SLAM A to Z: LiDAR, Visual and How Robots Localize

What is SLAM and why does it matter?

SLAM (Simultaneous Localization and Mapping) is the most fundamental problem in robot navigation: the robot simultaneously builds a map of the environment while determining its own location on that map. This is the classic "chicken and egg" problem: to localize you need a map, but to build a map you need to know your position.

Every AMR (Autonomous Mobile Robot) operating in factories, warehouses, or outdoors needs SLAM. Without SLAM, a robot is just a remotely controlled vehicle.

In this article, I'll guide you from fundamental theory (EKF-SLAM, particle filters) to modern frameworks (ORB-SLAM3, Cartographer, LIO-SAM), and help you choose the right method for your use case.

Robot using LiDAR to scan and build an environmental map

Theoretical Foundation of SLAM

SLAM as a Probabilistic Problem

SLAM can be modeled as a Bayesian estimation problem. At each timestep t, the robot needs to estimate:

State: robot position and orientation (x, y, theta)
Map: landmark positions or occupancy grid
Observations: sensor data (LiDAR scans, camera frames)
Controls: control commands (velocity, steering angle)

Objective: find probability distribution P(x_t, m | z_{1:t}, u_{1:t}) — the probability of robot location and map given all observations and controls from start to time t.

EKF-SLAM — Extended Kalman Filter

EKF-SLAM is the most classical method, using Extended Kalman Filter to simultaneously estimate robot position and landmark positions.

How it works:

Predict: use motion model to predict new robot pose
Update: when observing landmarks, update both robot pose and landmark positions

State vector contains robot pose (3 values) + all landmark positions (2N values for N landmarks). Covariance matrix has size (3+2N) x (3+2N).

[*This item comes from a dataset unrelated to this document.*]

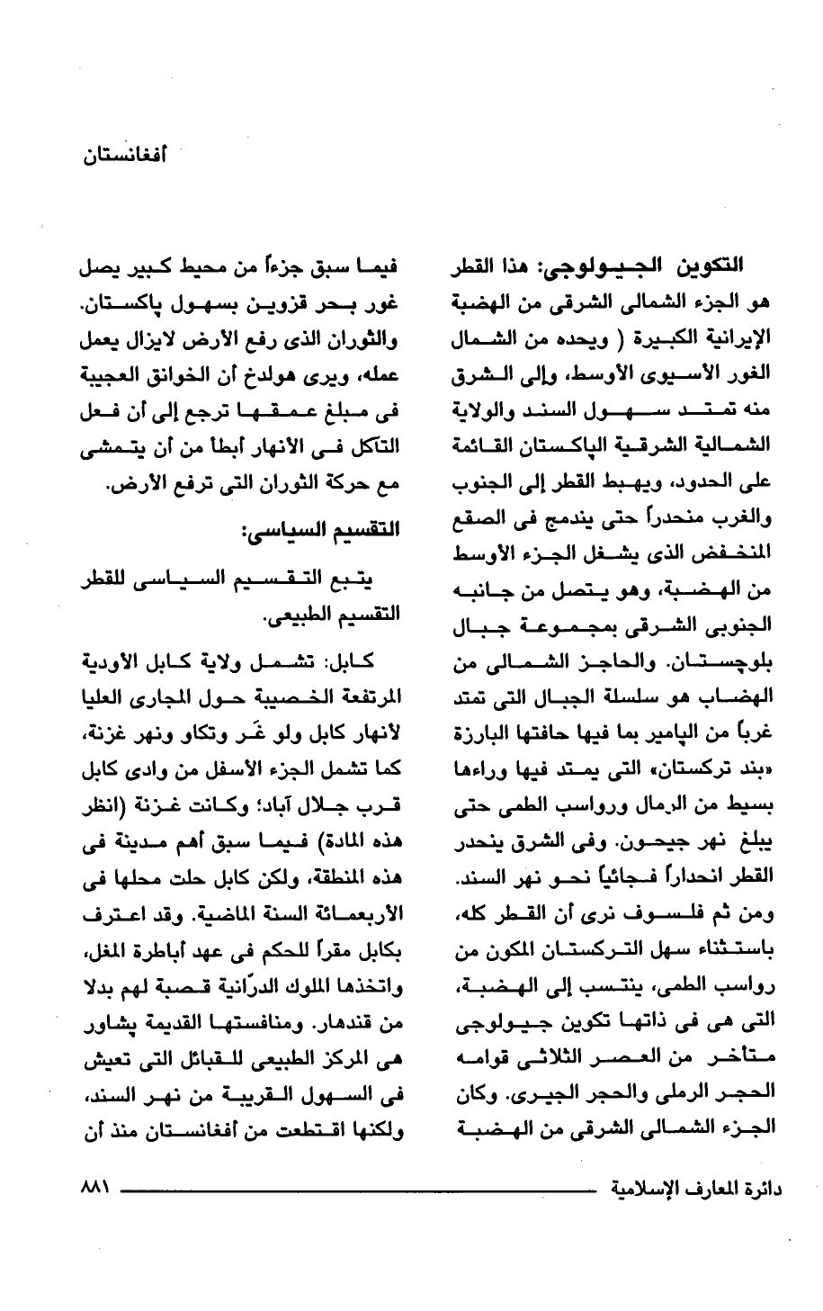 التكوين الجيولوجى: هذا القطر هو الجزء الشمالى الشرقى من الهضبة الإيرانية الكبيرة (ويحده من الشمال الغور الأسيوى الأوسط، والى الشرق منه تمتد سهول السند والولاية الشمالية الشرقية الباكستان القائمة على الحدود، ويهبط القطر إلى الجنوب والغرب منحدرًا حتى يندمج فى الصقع المنخفض الذى يشغل الجزء الأسط من الهضبة، وهو يتصل من جانبه الجنوبى الشرقى بمجموعة جبال بلوجستان. والحاجز الشمالى من الهضاب هو سلسلة الجبال التى تمتد غربًا من البامير بما فيها حافتها البارزة "بند تركستان " التى يمتد فيها وراءها بسيط من الرمال ورواسب الطمى حتى يبلغ نهر جيحون. وفى الشرق ينحدر القطر انحدارًا فجائيًا نحو نهر السند. ومن ثم فلسوف نرى أن القطر كله، باستثناء سهل التركستان المكون من رواسب الطمى، ينتسب إلى الهضبة، التى هى فى ذاتها تكوين جيولوجى متأخر من العصر الثلاثى قوامه الحجر الرملى والحجر الجيرى. وكان الجزء الشمالى الشرقى من الهضبة فيماسبق جزءًا من محيط كبير يصل غور بحر قزوين بسهول باكستان. والثوران الذى رفع الأرض لا يزال يعمل عمله، ويرى هولدخ أن الخوانق العجيبة فى مبلغ عمقها ترجع إلى أن فعل التآكل فى الأنهار أبطأ من أن يتمشى مع حركة الثوران التى ترفع الأرض.

# EKF-SLAM simplified pseudocode
def ekf_slam_predict(mu, sigma, u):
    # Motion model: predict new robot pose
    mu_bar = motion_model(mu, u)
    G = jacobian_motion(mu, u)
    sigma_bar = G @ sigma @ G.T + R  # R: motion noise
    return mu_bar, sigma_bar

def ekf_slam_update(mu_bar, sigma_bar, z, landmark_id):
    # Observation model: update with landmark measurement
    z_hat = observation_model(mu_bar, landmark_id)
    H = jacobian_observation(mu_bar, landmark_id)
    K = sigma_bar @ H.T @ inv(H @ sigma_bar @ H.T + Q)
    mu = mu_bar + K @ (z - z_hat)
    sigma = (I - K @ H) @ sigma_bar
    return mu, sigma

Advantages: solid theory, easy to understand, convergent with small number of landmarks.

Disadvantages: O(N^2) complexity with N landmarks -- doesn't scale for large maps. Gaussian assumption doesn't fit complex environments well.

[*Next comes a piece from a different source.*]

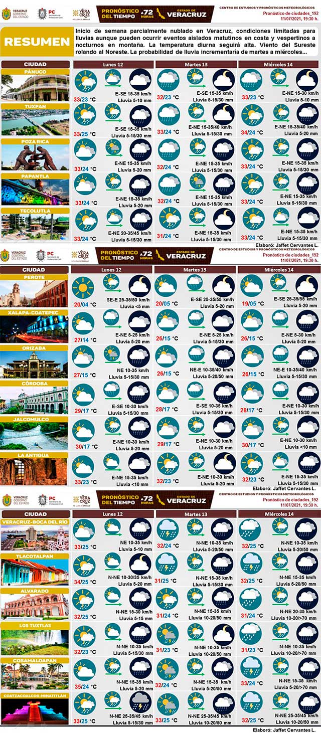 Inicio de semana parcialmente nublado en Veracruz, condiciones limitadas para lluvias aunque pueden ocurrir eventos aislados matutinos en costa y vespertinos a nocturnos en montaña. La temperatura diurna seguirá alta. Viento del Sureste rolando al Noreste. La probabilidad de lluvia incrementaría de martes a miércoles.

Particle Filter SLAM (FastSLAM)

FastSLAM (Montemerlo et al., 2002) solves scalability issues by using particle filters for robot pose and separate EKF for each landmark in each particle.

How it works:

Each particle represents a hypothesis about the robot's trajectory
Each particle has its own EKF for each landmark
Resampling selects particles with highest probability

Complexity: O(M * N) with M particles and N landmarks -- much better than EKF-SLAM.

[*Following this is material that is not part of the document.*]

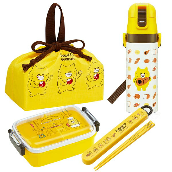 | ノラネコぐんだんの楽しいお弁当セットです!これでお弁当グッズがひと通り揃います♪ 角型のお弁当箱は詰めやすくて容量も450mlと満足の大きさ!単品で揃えるよりもお買得なセットをこの機会に是非どうぞ! | |

FastSLAM 2.0 further improves by using the latest observation to sample particles, reducing number of particles needed.

LiDAR SLAM — Industrial Standard

Google Cartographer

Cartographer is a 2D/3D SLAM system developed by Google, open-source since 2016. It's one of the most widely used LiDAR SLAM systems in industry.

Architecture:

Local SLAM (Frontend): scan matching using Ceres Solver (nonlinear least squares), creating submaps from consecutive LiDAR scans
Global SLAM (Backend): pose graph optimization for closing loop closures, using branch-and-bound scan matching

Strengths:

Real-time 2D SLAM on standard hardware
3D SLAM with multi-LiDAR setup
Good integration with ROS 1 and ROS 2
Pure LiDAR, no need for IMU (though IMU improves accuracy)

# Run Cartographer with ROS 2
ros2 launch cartographer_ros cartographer.launch.py \
  use_sim_time:=true

LIO-SAM — LiDAR-Inertial Odometry via Smoothing and Mapping

LIO-SAM (Shan et al., 2020) is a framework for tightly-coupled LiDAR-inertial SLAM using factor graph optimization. Original paper: arXiv:2007.00258.

Architecture:

IMU pre-integration factor: computes relative motion between LiDAR scans
LiDAR odometry factor: point-to-plane and point-to-edge matching
GPS factor (optional): for outdoor navigation
Loop closure factor: detects and corrects drift

Why LIO-SAM is powerful:

IMU helps de-skew LiDAR point cloud (critical when robot moves fast)
Factor graph allows adding multiple information sources (GPS, wheel odometry)
Keyframe-based: only stores important frames, reduces memory

# LIO-SAM config (params.yaml)
lio_sam:
  pointCloudTopic: "points_raw"
  imuTopic: "imu_correct"
  gpsTopic: "odometry/gps"
  
  # Lidar sensor
  sensor: velodyne  # velodyne, ouster, livox
  N_SCAN: 16
  Horizon_SCAN: 1800
  
  # IMU
  imuAccNoise: 3.9939570888238808e-03
  imuGyrNoise: 1.5636343949698187e-03

3D Pointcloud from LiDAR SLAM creating detailed environmental map

Visual SLAM — Camera is Enough

ORB-SLAM3

ORB-SLAM3 (Campos et al., 2021) is the most comprehensive Visual-Inertial SLAM system to date. Paper: arXiv:2007.11898.

Supports:

Monocular: 1 camera (has scale ambiguity)
Stereo: 2 cameras (full metric scale)
RGB-D: depth camera (like Intel RealSense)
Visual-Inertial: camera + IMU (monocular-inertial or stereo-inertial)

Pipeline:

Tracking: extract ORB features, match with local map, estimate camera pose
Local Mapping: triangulate new map points, local bundle adjustment
Loop Closing: DBoW2 bag-of-words for place recognition, pose graph optimization
Multi-map: manage multiple maps when tracking fails, merge when reconnecting

Strengths: accurate, robust, supports many camera types, multi-map system.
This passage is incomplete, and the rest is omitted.